It was on the tip of Joshua's tongue to say, "I don't know what to think;" but her manner of putting the question gave the answer to it. "No," he said instead, "I don't think you ever did, Minnie."

Her head was stubbornly bent; and she had enough to do to keep back her tears. She would not have succeeded had his answer been different.

"No, I never stole any thing else. Stole is the proper word, I know; but it is a nasty one, and makes me ashamed."

"That is your punishment, Minnie," said Joshua, wondering at himself for his tenaciousness.

"That is my punishment, then," said Minnie not less doggedly than before; "but I did it for you" – nothing would drive her from that stand-point-"and I promise you, Joshua, that I will never steal any thing again-never, never!"

He gave her his hand, and she took it and caressed it.

"And now, Minnie, about Dan," he said. "You must not say or think any thing ill of him. He is the best-hearted and the dearest friend in the world; and I cannot tell you how much I love him, or how much he loves me."

"Why doesn't he go to sea with you, then?"

Joshua looked at her reproachfully.

"Your memory is not good, Minnie. He is lame, as I told you."

"I forgot. He can't go because he is lame. Would he go if his legs were sound?"

"I think he would."

"Don't think," Minnie said, with a sly look at him; "be sure."
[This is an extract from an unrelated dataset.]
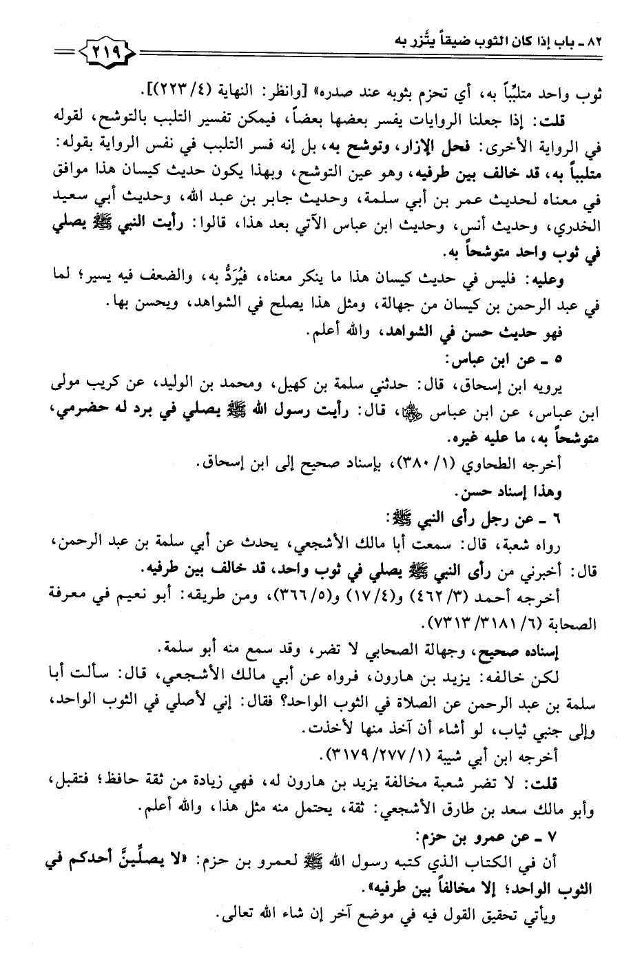 يرويه ابن إسحاق، قال: حدثني سلمة بن كهيل، ومحمد بن الوليد، عن كريب مولى ابن عباس، عن ابن عباس - رضي الله عنهما -، قال: رأيت رسول الله - صلى الله عليه وسلم - يصلي في برد له حضرمي، متوشحًا به، ما عليه غيره.

"I am sure he would then."

"Caught!" cried Minnie, clapping her hands, the sly look, in which there was simplicity, changing to a cunning one, in which there was craft. "Caught, caught, caught!"

"I should like to know how," said Joshua. "How ridiculous of you, Minnie, to cry 'Caught!' as if I was a fox!"

"No, I am the fox," she cried, shaking her hair over her face with enchanting grace. "I am in hiding-just peeping round the corner." She made an opening in her thick hair, and flashed a look at him; a look that was saucy, and cunning, and charming, and wilful, all at once. "Am I a good fox?"

"You are a goose. Tell me how I am caught."

"Listen, then," throwing her hair back, and becoming logical. "Dan loves you as well as any man or woman could love another, you said."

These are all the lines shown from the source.